** Dataset extract follows **

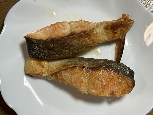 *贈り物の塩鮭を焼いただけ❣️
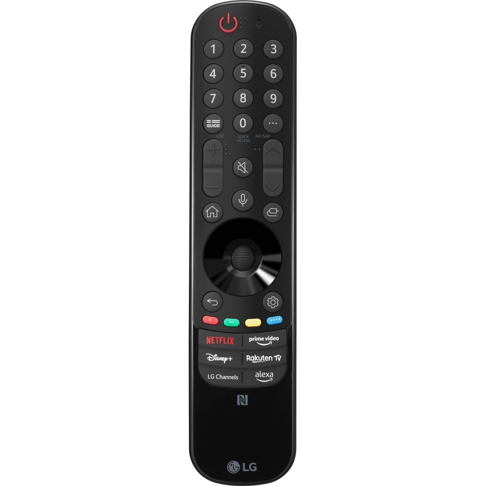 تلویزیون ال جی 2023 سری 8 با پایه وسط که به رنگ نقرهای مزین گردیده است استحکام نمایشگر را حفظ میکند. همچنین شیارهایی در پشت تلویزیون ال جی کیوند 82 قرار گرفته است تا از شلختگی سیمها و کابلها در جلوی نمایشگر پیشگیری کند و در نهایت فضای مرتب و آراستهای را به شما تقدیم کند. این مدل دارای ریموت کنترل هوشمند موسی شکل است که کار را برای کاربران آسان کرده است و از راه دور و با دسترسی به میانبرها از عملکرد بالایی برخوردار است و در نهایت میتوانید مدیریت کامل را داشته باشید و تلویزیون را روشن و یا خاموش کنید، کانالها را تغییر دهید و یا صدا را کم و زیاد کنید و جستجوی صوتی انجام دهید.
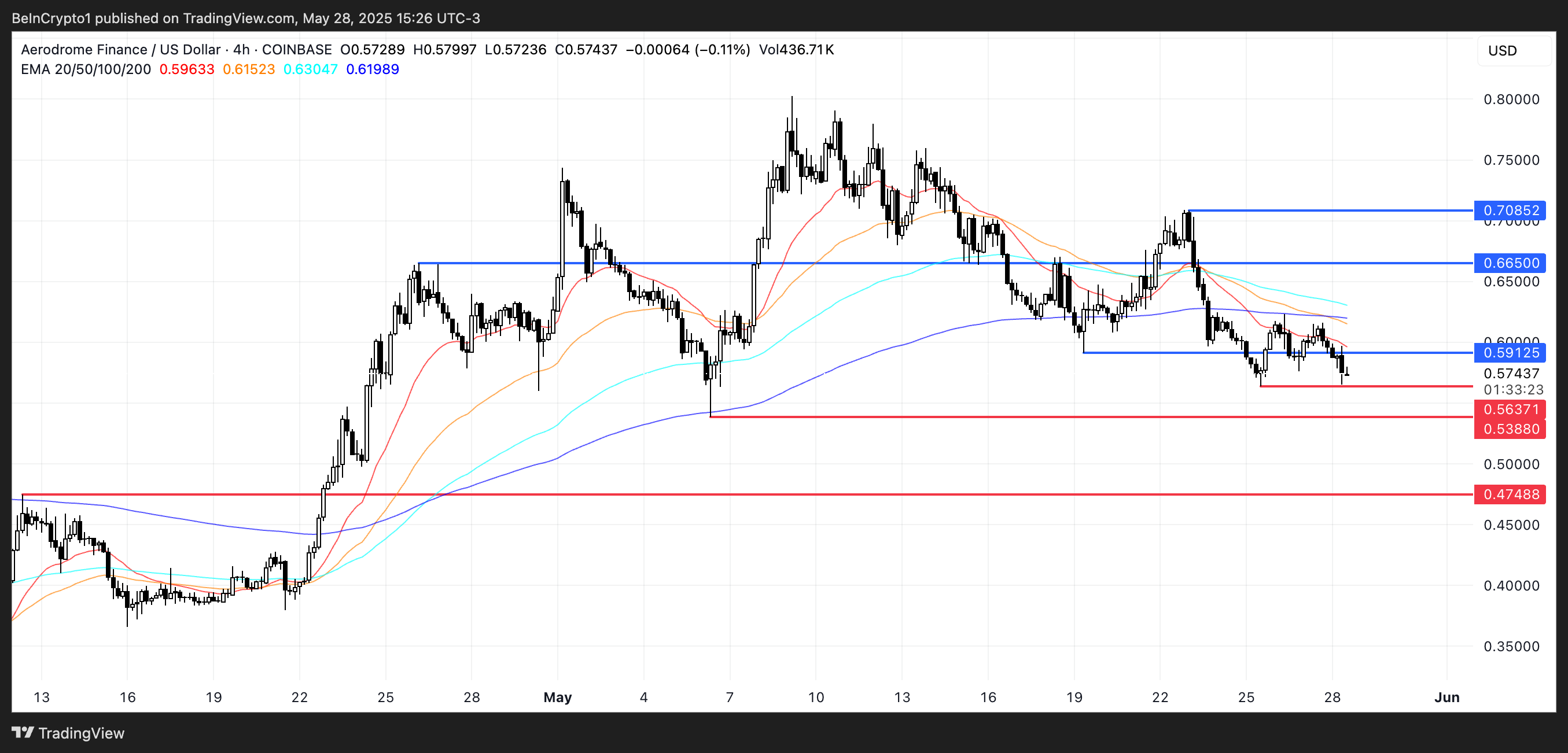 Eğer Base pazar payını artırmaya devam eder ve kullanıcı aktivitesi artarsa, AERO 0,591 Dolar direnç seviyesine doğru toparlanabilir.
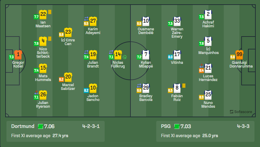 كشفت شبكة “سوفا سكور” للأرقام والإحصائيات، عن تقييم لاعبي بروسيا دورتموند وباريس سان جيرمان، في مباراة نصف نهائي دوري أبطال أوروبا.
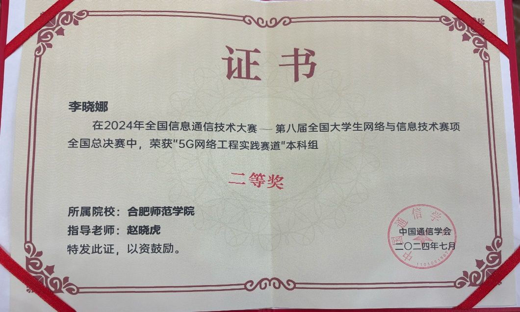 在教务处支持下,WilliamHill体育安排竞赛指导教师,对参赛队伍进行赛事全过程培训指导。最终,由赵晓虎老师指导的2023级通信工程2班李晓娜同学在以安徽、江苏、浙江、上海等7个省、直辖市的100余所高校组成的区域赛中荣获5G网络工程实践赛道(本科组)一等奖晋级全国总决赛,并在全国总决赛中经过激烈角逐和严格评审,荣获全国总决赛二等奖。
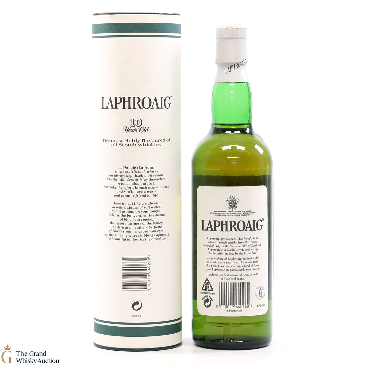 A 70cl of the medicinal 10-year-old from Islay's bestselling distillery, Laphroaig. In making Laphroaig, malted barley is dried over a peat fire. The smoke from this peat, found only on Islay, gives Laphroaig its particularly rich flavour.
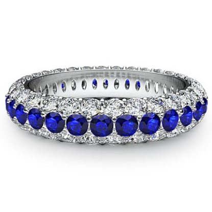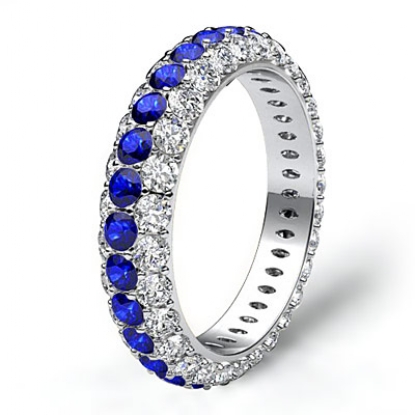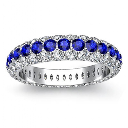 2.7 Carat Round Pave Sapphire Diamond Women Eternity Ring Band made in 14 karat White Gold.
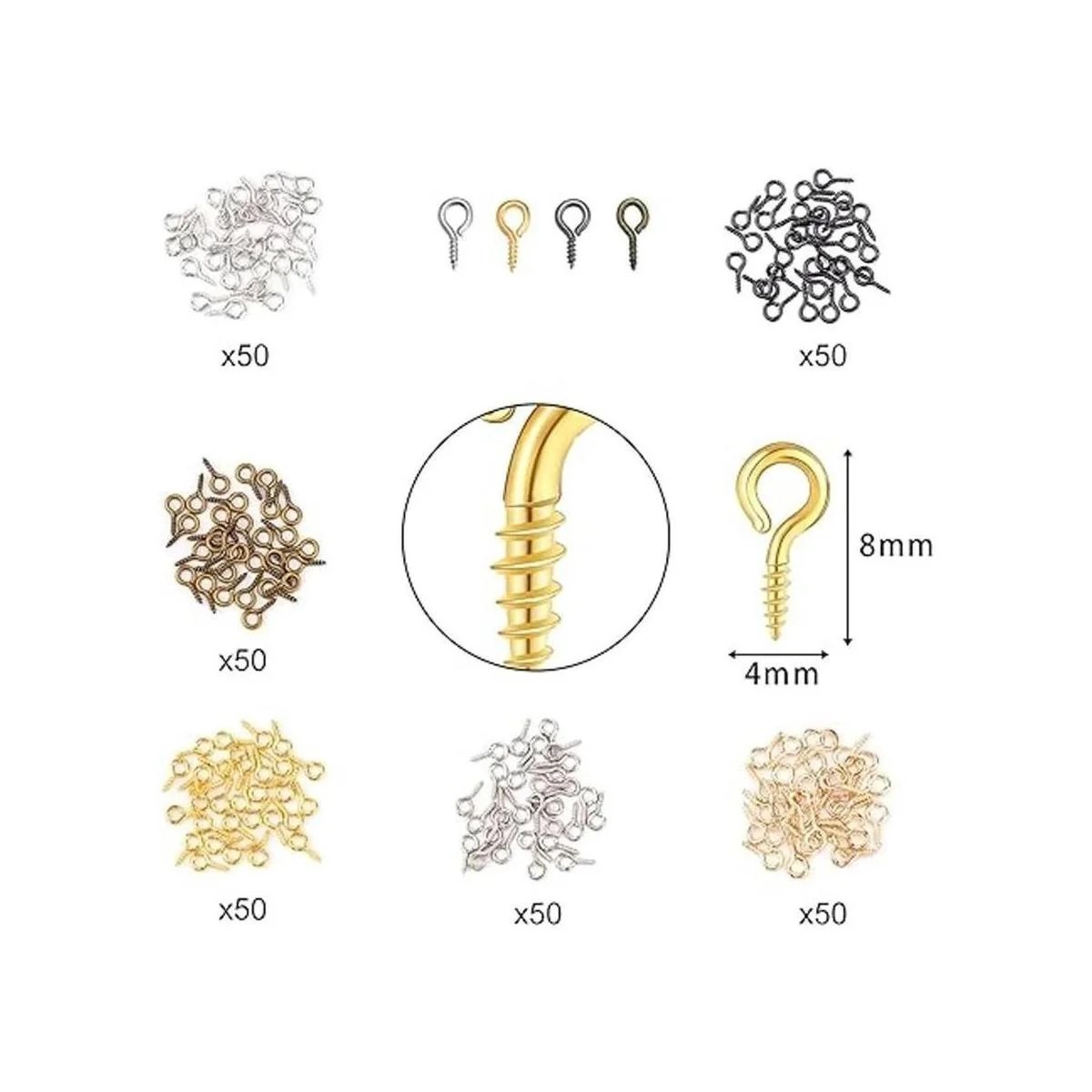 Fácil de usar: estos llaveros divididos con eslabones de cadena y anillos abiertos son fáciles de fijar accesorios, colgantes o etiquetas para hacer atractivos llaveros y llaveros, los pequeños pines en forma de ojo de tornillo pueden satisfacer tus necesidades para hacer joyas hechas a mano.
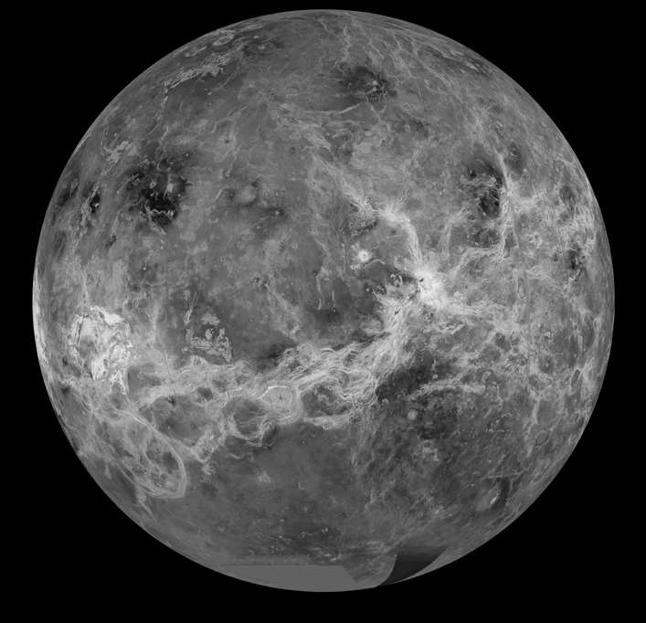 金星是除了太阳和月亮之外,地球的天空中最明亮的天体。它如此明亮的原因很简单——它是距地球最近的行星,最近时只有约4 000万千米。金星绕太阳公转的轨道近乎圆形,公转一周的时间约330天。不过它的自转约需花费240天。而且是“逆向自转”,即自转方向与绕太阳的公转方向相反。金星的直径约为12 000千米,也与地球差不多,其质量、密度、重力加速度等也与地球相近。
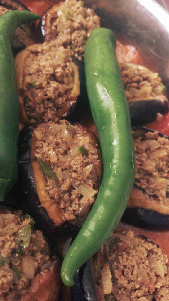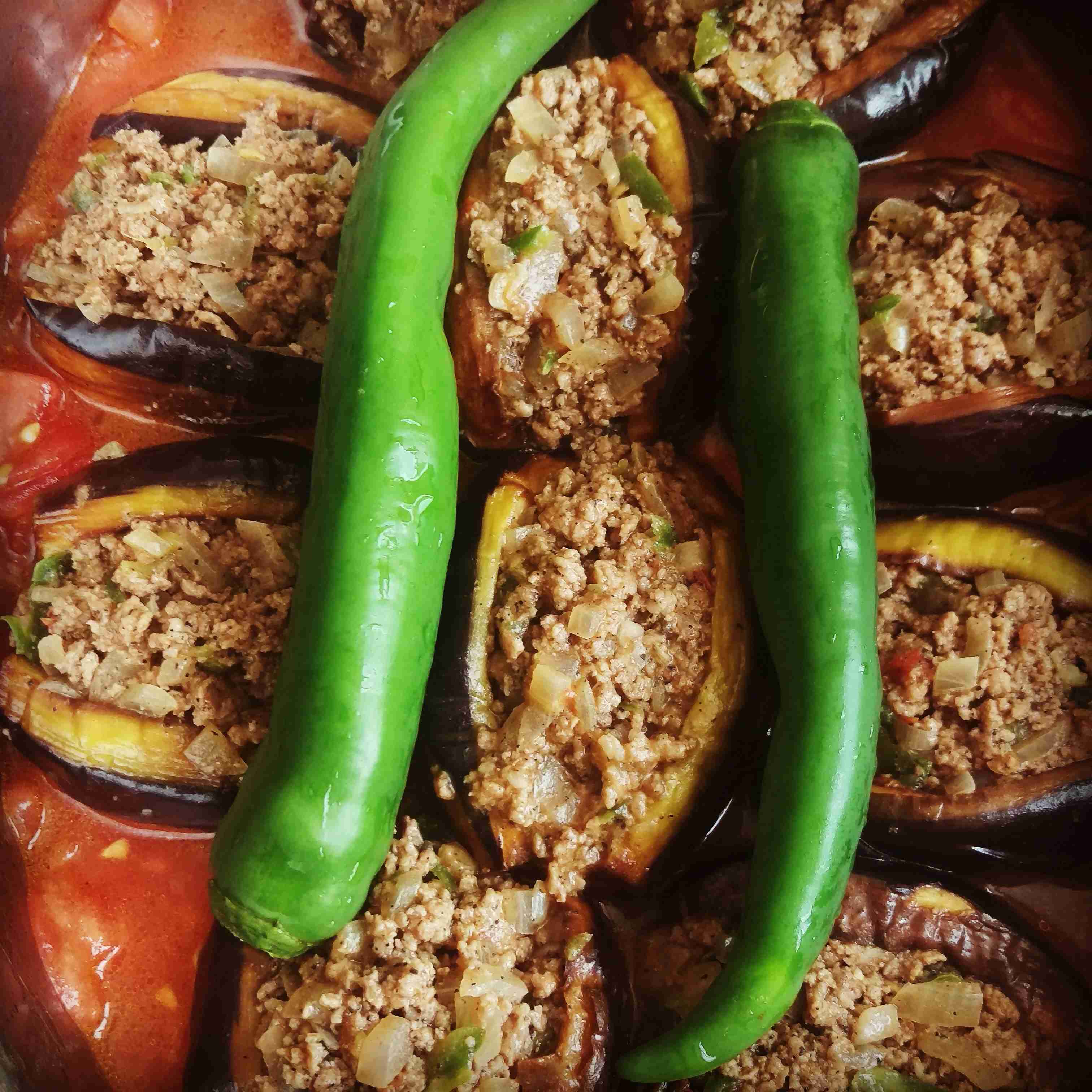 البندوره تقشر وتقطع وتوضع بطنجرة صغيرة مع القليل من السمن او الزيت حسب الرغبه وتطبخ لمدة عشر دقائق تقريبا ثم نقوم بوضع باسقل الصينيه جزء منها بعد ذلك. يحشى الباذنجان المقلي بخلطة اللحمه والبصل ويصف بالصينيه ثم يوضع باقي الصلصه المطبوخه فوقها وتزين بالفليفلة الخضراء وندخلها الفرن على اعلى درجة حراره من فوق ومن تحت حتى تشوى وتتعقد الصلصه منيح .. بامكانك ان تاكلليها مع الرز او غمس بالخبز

** End of Dataset extract **

What you need to do =
Nothing but the lines from the one with "دوري أبطال أوروبا." up to and including the one with "2.7 Carat Round" should be printed, exactly as they read above. Please keep the pictures out.

Exercise solution =
 كشفت شبكة “سوفا سكور” للأرقام والإحصائيات، عن تقييم لاعبي بروسيا دورتموند وباريس سان جيرمان، في مباراة نصف نهائي دوري أبطال أوروبا.
 在教务处支持下,WilliamHill体育安排竞赛指导教师,对参赛队伍进行赛事全过程培训指导。最终,由赵晓虎老师指导的2023级通信工程2班李晓娜同学在以安徽、江苏、浙江、上海等7个省、直辖市的100余所高校组成的区域赛中荣获5G网络工程实践赛道(本科组)一等奖晋级全国总决赛,并在全国总决赛中经过激烈角逐和严格评审,荣获全国总决赛二等奖。
 A 70cl of the medicinal 10-year-old from Islay's bestselling distillery, Laphroaig. In making Laphroaig, malted barley is dried over a peat fire. The smoke from this peat, found only on Islay, gives Laphroaig its particularly rich flavour.
 2.7 Carat Round Pave Sapphire Diamond Women Eternity Ring Band made in 14 karat White Gold.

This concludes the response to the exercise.